What is expected >> Output nothing except the lines from the one containing "Weight Lifting is" through the final line of the data, both included, typed exactly, minus the pictures.

───── Dataset content ─────

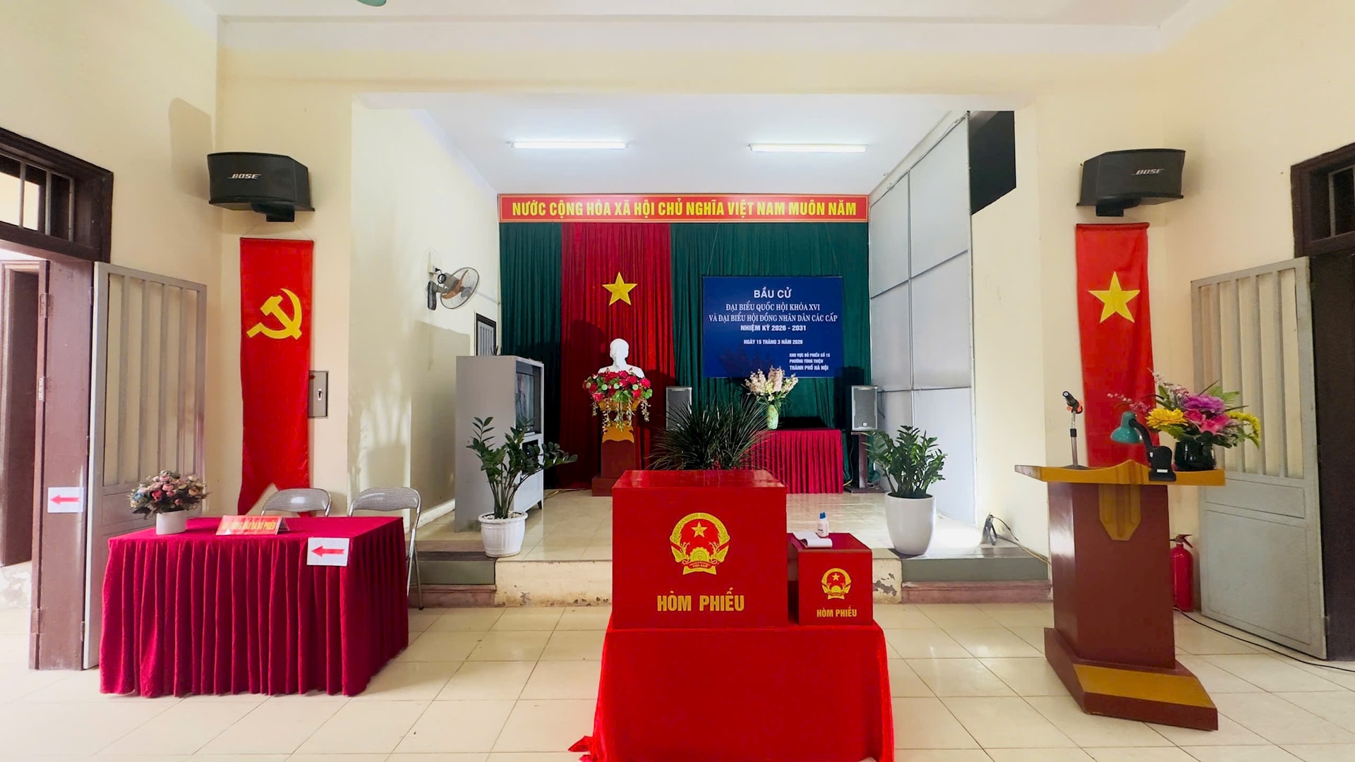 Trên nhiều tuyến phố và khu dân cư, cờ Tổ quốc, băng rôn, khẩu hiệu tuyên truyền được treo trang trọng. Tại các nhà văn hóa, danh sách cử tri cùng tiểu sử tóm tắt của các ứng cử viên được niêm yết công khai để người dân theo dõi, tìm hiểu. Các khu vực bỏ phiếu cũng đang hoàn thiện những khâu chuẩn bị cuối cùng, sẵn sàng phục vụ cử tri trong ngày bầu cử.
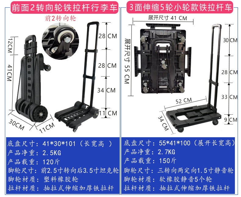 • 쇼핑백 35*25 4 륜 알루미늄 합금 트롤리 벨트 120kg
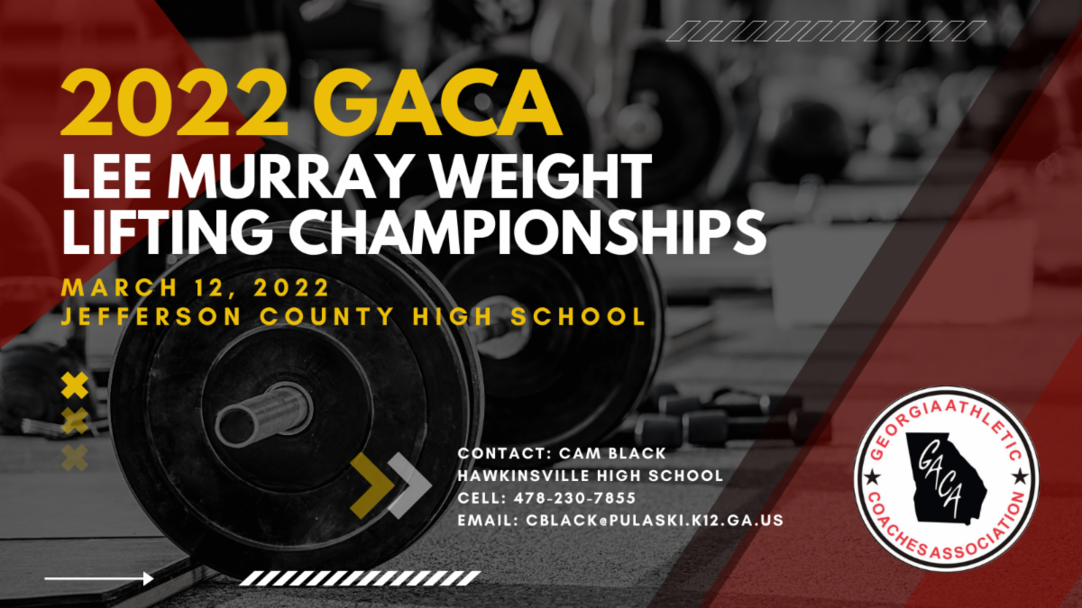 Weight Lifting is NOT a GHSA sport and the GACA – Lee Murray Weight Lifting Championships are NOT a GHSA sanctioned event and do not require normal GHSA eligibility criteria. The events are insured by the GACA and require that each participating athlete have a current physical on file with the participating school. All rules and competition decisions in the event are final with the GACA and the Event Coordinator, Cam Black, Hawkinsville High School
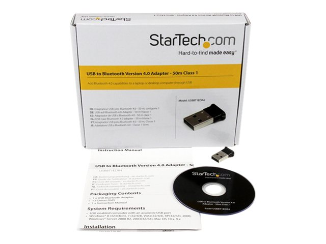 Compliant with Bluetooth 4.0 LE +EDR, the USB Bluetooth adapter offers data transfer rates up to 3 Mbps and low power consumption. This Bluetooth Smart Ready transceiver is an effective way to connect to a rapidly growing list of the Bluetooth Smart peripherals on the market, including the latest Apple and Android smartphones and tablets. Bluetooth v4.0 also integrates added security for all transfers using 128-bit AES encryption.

─────

Worked solution >>
 Weight Lifting is NOT a GHSA sport and the GACA – Lee Murray Weight Lifting Championships are NOT a GHSA sanctioned event and do not require normal GHSA eligibility criteria. The events are insured by the GACA and require that each participating athlete have a current physical on file with the participating school. All rules and competition decisions in the event are final with the GACA and the Event Coordinator, Cam Black, Hawkinsville High School
 Compliant with Bluetooth 4.0 LE +EDR, the USB Bluetooth adapter offers data transfer rates up to 3 Mbps and low power consumption. This Bluetooth Smart Ready transceiver is an effective way to connect to a rapidly growing list of the Bluetooth Smart peripherals on the market, including the latest Apple and Android smartphones and tablets. Bluetooth v4.0 also integrates added security for all transfers using 128-bit AES encryption.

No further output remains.